Researchers at Aalto University and the University of Luxembourg report they have developed a new machine learning model that will help identify small molecules, with applications in medicine, drug discovery, and environmental chemistry.
Their findings, “Joint structural annotation of small molecules using liquid chromatography retention order and tandem mass spectrometry data,” were published in the journal Nature Machine Intelligence.
“Structural annotation of small molecules in biological samples remains a key bottleneck in untargeted metabolomics, despite rapid progress in predictive methods and tools during the past decade,” wrote the researchers. “Liquid chromatography–tandem mass spectrometry, one of the most widely used analysis platforms, can detect thousands of molecules in a sample, the vast majority of which remain unidentified even with best-of-class methods.

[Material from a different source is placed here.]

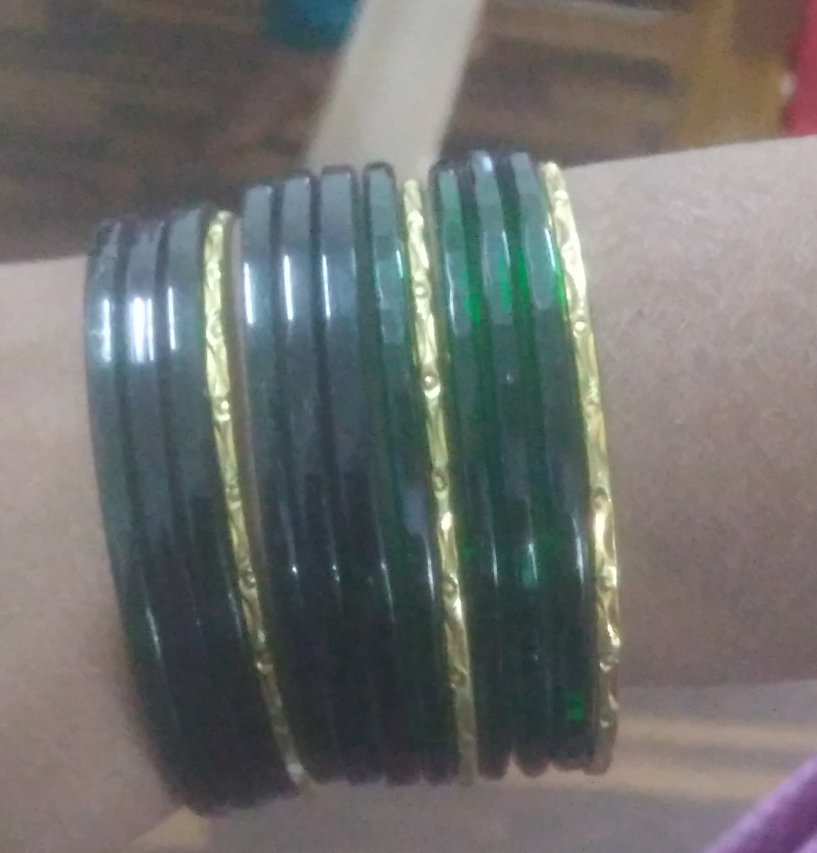 भारतीय अंलकार- बांगडया

Here we present LC-MS2Struct, a machine learning framework for structural annotation of small-molecule data arising from liquid chromatography–tandem mass spectrometry (LC-MS2) measurements.”
“Even the best methods can’t identify more than 40% of the molecules in samples without making some additional assumptions about the candidate molecules,” explained Juho Rousu, PhD, professor of computer science at Aalto University.
The new approach may be able to identify metabolic disorders, such as diabetes, or even cancer.
“Our research shows that while absolute retention times may vary, the retention order is stable across measurements by different labs,” said Eric Bach, a machine learning & bioinformatics doctoral student at Aalto University. “This allowed us to merge all publicly available data on metabolites for the first time ever and feed it into our machine learning model.”
“The fact that using stereochemistry improved the identification performance is a revelation for all developers of metabolite identification methods,” said Emma Schymanski, PhD, associate professor at the Luxembourg Centre for Systems Biomedicine (LCSB) of the University of Luxembourg. “This method could also be used to help identify and trace micropollutants in the environment or characterize new metabolites in plant cells.”